Członkowie Jednostki Strzeleckiej 1006 Płońsk i władze miasta pamiętali o ofiarach ofiary komunistycznego reżimu.
Przy ścianie na terenie parafii św. Michała Archanioła w Płońsku złożono wieńce i zapalono znicze, dając tym samym dowód pamięci o żołnierzach podziemia niepodległościowego i antykomunistycznego, również i tym z powiatu płońskiego.

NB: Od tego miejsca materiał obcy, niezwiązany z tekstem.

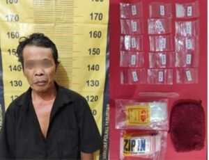 “Sedangkan dari pelaku TH(30) berhasil diamankan barang bukti berupa 1 (satu) kantong plastik yang berisi Sabu-Sabu dengan berat kotor 0,56 (nol koma lima enam) gram dan 1 (satu) buah HP merk OPPO warna biru,” lanjutnya.
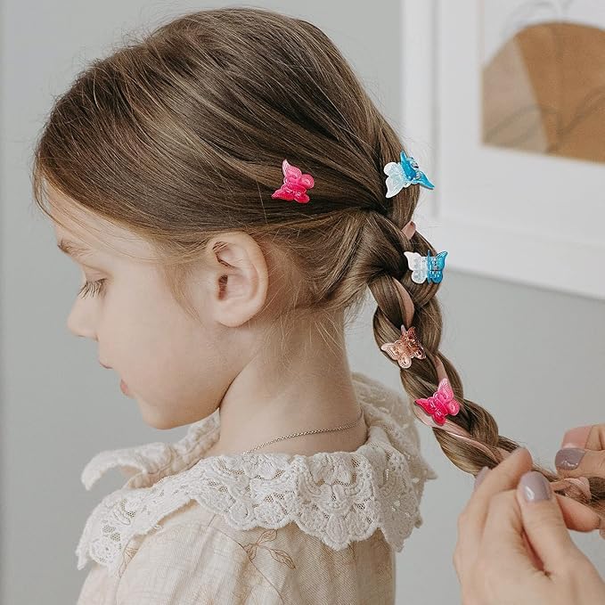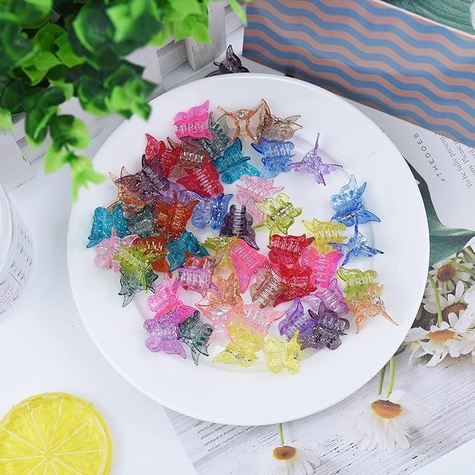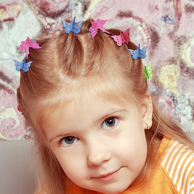 - ١) مجموعة متكاملة: تتضمن 2 مشابك شعر على شكل فراشة بألوان جذابة

- Ci, którzy przeżyli, przez kolejne 45 lat żyli z piętnem - jak to określała komunistyczna propaganda - „bandytów” i „faszystów”. Większość za wierność ideałom niepodległej Polski zapłaciła niejednokrotnie cenę najwyższą - cenę swojego życia – mówił podczas uroczystego apelu Marek Sabalski z płońskiej jednostki strzeleckiej.
- Po tylu latach żołnierze wyklęci wreszcie doczekali się sprawiedliwości, a jeśli nie doczekali, to przynajmniej ich rodziny wiedzą, że nie byli to zdrajcy, czy „zaplute karły reakcji”, ale byli to bohaterowie przez wielkie B – dodawał dziś Stanisław Świerczewski, dowódca JS 1006 Płońsk.